My best friend, Shirley, got scammed by a so-called AI-driven DeFi protocol. The project’s whitepaper was full of hype—claiming that AI would monitor on-chain risks in real time and automatically rebalance the portfolio. But what happened in the end? It was really just a multisig wallet wrapped in an “AI” shell. If the big players wanted to withdraw, they could; retail users got buried. Shirley was so furious she kept cursing for an entire night, saying that if he trusts those two words “AI” again, he’ll be a dog.

This whole thing makes me pretty shaken. So these past few days, I’ve pulled up and reviewed the public data from @OpenGradient several times. Millions of inference calls, thousands of model integrations—the user growth has indeed surged fast. And the narrative of “verifiable AI” is also quite attention-grabbing. But honestly, when you break it down carefully, most of the volume still came from the testnet stage. Points incentives and air-drop expectations take up a lot of the weight. As for how much is actually driven by real business needs, I still can’t tell.

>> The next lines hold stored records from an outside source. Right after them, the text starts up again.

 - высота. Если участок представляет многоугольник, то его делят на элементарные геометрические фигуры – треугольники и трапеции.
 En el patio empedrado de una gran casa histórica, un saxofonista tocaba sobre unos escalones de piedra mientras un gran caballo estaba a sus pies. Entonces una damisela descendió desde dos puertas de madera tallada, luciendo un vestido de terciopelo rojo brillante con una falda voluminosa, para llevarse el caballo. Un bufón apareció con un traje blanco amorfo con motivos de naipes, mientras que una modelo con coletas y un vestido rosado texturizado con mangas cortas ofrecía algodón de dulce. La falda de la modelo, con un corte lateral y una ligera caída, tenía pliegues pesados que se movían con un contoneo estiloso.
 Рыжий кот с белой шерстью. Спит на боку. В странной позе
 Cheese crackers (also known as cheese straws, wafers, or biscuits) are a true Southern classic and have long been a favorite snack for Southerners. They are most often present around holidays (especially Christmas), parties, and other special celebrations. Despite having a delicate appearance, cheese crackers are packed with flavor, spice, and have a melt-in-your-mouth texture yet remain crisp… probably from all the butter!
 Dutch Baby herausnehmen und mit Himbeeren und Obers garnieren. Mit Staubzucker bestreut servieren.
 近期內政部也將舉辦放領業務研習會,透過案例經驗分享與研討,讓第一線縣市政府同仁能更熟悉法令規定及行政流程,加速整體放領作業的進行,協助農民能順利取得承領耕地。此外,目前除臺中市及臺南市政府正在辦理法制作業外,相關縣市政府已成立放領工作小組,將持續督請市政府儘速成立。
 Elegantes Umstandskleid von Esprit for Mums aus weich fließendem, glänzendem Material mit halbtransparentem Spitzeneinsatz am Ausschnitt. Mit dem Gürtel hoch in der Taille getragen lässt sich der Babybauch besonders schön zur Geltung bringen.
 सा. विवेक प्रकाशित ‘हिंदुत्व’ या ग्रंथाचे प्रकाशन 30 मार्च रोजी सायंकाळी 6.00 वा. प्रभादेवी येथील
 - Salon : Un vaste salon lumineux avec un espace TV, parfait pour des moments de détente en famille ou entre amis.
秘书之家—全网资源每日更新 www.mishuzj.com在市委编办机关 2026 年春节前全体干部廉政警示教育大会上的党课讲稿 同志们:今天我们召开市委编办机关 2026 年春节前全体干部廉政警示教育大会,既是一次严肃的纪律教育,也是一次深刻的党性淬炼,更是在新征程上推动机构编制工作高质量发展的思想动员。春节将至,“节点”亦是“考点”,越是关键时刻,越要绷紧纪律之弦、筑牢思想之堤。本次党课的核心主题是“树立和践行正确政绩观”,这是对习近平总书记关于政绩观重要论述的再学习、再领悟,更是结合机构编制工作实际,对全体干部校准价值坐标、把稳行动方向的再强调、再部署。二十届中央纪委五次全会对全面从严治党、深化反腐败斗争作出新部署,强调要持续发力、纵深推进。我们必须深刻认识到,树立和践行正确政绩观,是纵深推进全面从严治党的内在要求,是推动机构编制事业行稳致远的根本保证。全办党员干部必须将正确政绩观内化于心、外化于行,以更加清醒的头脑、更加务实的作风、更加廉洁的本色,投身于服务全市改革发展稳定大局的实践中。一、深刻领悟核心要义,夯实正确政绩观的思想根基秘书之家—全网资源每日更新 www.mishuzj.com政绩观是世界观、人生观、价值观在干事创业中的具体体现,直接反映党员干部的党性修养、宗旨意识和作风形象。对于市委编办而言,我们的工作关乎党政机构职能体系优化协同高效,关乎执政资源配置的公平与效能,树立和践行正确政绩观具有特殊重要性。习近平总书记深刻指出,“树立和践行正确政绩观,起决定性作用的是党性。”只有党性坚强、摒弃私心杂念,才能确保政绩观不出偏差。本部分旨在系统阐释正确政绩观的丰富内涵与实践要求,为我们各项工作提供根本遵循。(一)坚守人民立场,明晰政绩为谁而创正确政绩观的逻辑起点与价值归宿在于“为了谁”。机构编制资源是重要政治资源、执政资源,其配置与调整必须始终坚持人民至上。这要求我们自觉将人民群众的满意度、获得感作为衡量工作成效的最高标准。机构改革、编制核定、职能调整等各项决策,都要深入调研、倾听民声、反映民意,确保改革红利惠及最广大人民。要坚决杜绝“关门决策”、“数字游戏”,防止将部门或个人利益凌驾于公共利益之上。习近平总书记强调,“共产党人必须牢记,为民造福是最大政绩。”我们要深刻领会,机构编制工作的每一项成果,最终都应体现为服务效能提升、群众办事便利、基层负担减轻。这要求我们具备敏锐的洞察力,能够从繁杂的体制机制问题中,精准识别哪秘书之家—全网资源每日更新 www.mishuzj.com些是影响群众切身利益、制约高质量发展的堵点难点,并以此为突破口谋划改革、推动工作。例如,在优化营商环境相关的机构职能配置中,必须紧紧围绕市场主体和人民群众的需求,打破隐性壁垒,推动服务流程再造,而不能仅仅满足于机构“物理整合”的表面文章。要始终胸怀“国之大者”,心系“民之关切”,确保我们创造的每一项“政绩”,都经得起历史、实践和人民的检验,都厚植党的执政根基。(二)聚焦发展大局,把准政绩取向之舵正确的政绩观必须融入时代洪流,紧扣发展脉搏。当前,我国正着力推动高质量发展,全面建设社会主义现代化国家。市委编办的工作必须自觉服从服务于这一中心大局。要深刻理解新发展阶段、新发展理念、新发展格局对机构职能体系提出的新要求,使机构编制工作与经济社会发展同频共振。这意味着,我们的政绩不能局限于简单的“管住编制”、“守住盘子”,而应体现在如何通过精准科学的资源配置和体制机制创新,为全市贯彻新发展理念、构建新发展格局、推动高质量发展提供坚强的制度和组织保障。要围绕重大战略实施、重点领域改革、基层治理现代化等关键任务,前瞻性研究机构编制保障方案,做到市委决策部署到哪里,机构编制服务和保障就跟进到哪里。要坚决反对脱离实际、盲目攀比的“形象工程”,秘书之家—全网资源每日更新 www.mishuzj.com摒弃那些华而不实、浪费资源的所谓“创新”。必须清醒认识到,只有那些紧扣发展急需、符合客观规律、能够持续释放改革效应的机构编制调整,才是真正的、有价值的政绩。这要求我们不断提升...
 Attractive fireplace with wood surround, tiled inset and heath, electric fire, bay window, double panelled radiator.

The application scenarios it talks about—things like financial risk control and intelligent auditing—sound promising. But the existing partnership case studies, no matter how many times you look, still seem mostly confined to the Web3 circle. Actual deployment examples from traditional enterprises and large institutions are disclosed very rarely. Just because the technology can run doesn’t mean the market will be willing to keep paying. As for the specific hard metrics I personally want to dig into—like the number of paying enterprise customers and long-term developer usage—I basically haven’t seen much disclosure so far.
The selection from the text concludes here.